[A Daughter of To-Day by Sara Jeannette Duncan (aka Mrs. Everard Cotes)]@TWC D-Link bookA Daughter of To-Day CHAPTER XII 12/15
"Just the face," as Golightly murmured to Elfrida, "to run the _Boudoir_." She seemed to know everybody, bowed right and left with varying degrees of cordiality, and said sharply, "No shop to-night!" to a thin young woman in a high black silk, who came up to her exclaiming, "Oh, Mrs.Morrow, that function at Sandringham has been postponed." Presently Mrs.Morrow's royal progress was interrupted by a gentleman who wished to present Signer Georgiadi, "the star of the evening," Golightly said hurriedly to Elfrida.
Mrs.Morrow was very gracious, but the little fat Italian with the long hair and the drooping eyelids was atrociously embarrassed to respond to her compliments in English.
He struggled so violently that Mrs.Morrow began to smile with a compassionate patronage which turned him a distressing terra-cotta.
Elfrida looked on for a few minutes, and then, as one of the group, she said quietly in French, "And Italian opera in England, how do you find it, Signor ?" The Italian thanked her with every feature of his expressive countenance, and burst with polite enthusiasm into his opinion of the Albert Hall concerts.

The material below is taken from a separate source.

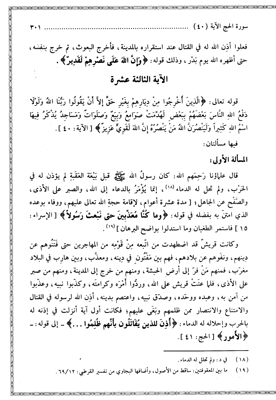 الْمَسْأَلَةُ الْأُولَى: قَالَ عُلَمَاؤُنَا - رَحِمَهُمُ اللَّهُ -: «كَانَ رَسُولُ اللَّهِ - صَلَّى اللَّهُ عَلَيْهِ وَسَلَّمَ - قَبْلَ بَيْعَةِ الْعَقَبَةِ لَمْ يُؤْذَنْ لَهُ فِي الْحَرْبِ، وَلَمْ تَحِلَّ لَهُ الدِّمَاءُ»، إنَّمَا يُؤْمَرُ بِالدُّعَاءِ إلَى اللَّهِ، وَالصَّبْرِ عَلَى الْأَذَى، وَالصَّفْحِ عَنْ الْجَاهِلِ [مُدَّةَ عَشَرَةَ أَعْوَامٍ، لِإِقَامَةِ حُجَّةِ اللَّهِ تَعَالَى عَلَيْهِمْ، وَوَفَاءً بِوَعْدِهِ الَّذِي امْتَنَّ بِهِ بِفَضْلِهِ فِي قَوْلِهِ: {وَمَا كُنَّا مُعَذِّبِينَ حَتَّى نَبْعَثَ رَسُولا} [الإسراء: 15] فَاسْتَمَرَّ الطُّغْيَانُ وَمَا اسْتَدَلُّوا بِوَاضِحِ الْبُرْهَانِ].

When he discovered Elfrida to be an American, and therefore not specially susceptible to praise of English classical interpretations, he allowed himself to become critical, and their talk increased in liveliness and amiability. Mrs.Morrow listened with an appreciative air for a few minutes, playing with her fan; then she turned to Mr. Ticke. "Golightly," she said acidly, "I am dying of thirst You shall take me to the refreshment table." So the star of the evening was abandoned to Elfrida, and finding in her a refuge from the dreadful English tongue, he clung to her.